- _TASK STATEMENT_
Copy, word for word, the lines of the listing below from the line with "5246 MENEGATTI Silver/Enamel" up to and including the line with "家人们谁懂啊!之前处理复杂文". Drop the pictures.

- _EXERCISE INPUT_
-- Opening Marker --

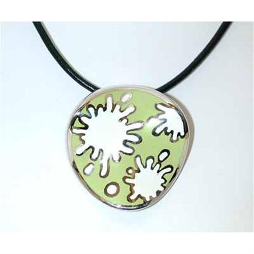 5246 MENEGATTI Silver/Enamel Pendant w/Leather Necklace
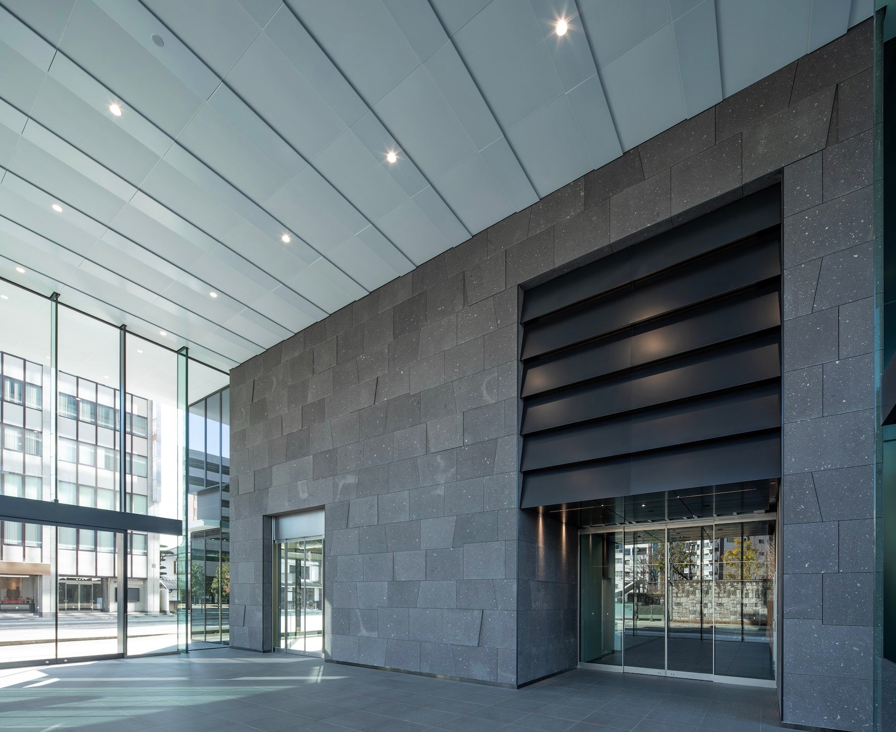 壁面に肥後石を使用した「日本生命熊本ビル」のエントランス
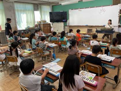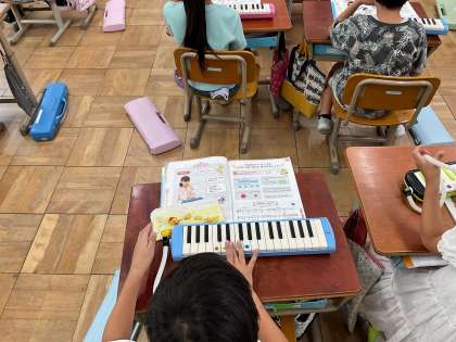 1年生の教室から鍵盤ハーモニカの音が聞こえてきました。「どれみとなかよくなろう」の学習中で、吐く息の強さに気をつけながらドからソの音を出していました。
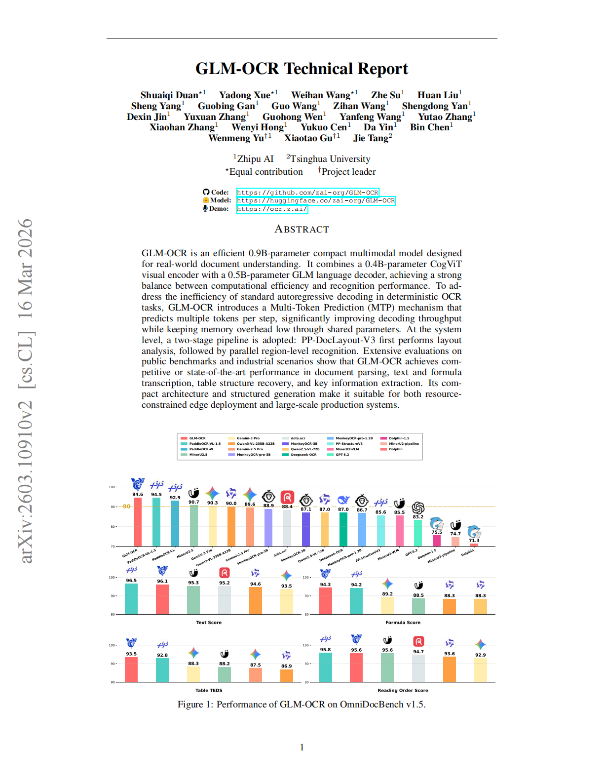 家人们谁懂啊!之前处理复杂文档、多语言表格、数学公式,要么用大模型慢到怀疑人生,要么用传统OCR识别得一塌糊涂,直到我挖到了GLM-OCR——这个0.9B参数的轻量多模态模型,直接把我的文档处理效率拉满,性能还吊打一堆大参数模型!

-- Closing Marker --
-- Opening Marker --

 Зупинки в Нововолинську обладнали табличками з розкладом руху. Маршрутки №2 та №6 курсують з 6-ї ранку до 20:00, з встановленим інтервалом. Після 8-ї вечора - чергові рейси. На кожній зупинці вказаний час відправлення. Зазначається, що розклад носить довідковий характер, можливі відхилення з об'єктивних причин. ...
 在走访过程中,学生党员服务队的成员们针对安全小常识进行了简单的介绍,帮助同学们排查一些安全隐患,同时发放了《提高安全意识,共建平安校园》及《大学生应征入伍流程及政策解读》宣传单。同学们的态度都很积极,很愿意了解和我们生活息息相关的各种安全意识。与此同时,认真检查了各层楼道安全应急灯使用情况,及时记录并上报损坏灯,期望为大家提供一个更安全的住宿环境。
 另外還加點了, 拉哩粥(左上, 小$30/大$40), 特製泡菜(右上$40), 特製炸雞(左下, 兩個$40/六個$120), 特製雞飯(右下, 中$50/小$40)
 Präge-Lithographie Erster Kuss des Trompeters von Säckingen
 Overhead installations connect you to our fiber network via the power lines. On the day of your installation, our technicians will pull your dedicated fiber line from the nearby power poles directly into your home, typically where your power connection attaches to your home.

-- Closing Marker --

- _WORKED SOLUTION_
 5246 MENEGATTI Silver/Enamel Pendant w/Leather Necklace
 壁面に肥後石を使用した「日本生命熊本ビル」のエントランス
 1年生の教室から鍵盤ハーモニカの音が聞こえてきました。「どれみとなかよくなろう」の学習中で、吐く息の強さに気をつけながらドからソの音を出していました。
 家人们谁懂啊!之前处理复杂文档、多语言表格、数学公式,要么用大模型慢到怀疑人生,要么用传统OCR识别得一塌糊涂,直到我挖到了GLM-OCR——这个0.9B参数的轻量多模态模型,直接把我的文档处理效率拉满,性能还吊打一堆大参数模型!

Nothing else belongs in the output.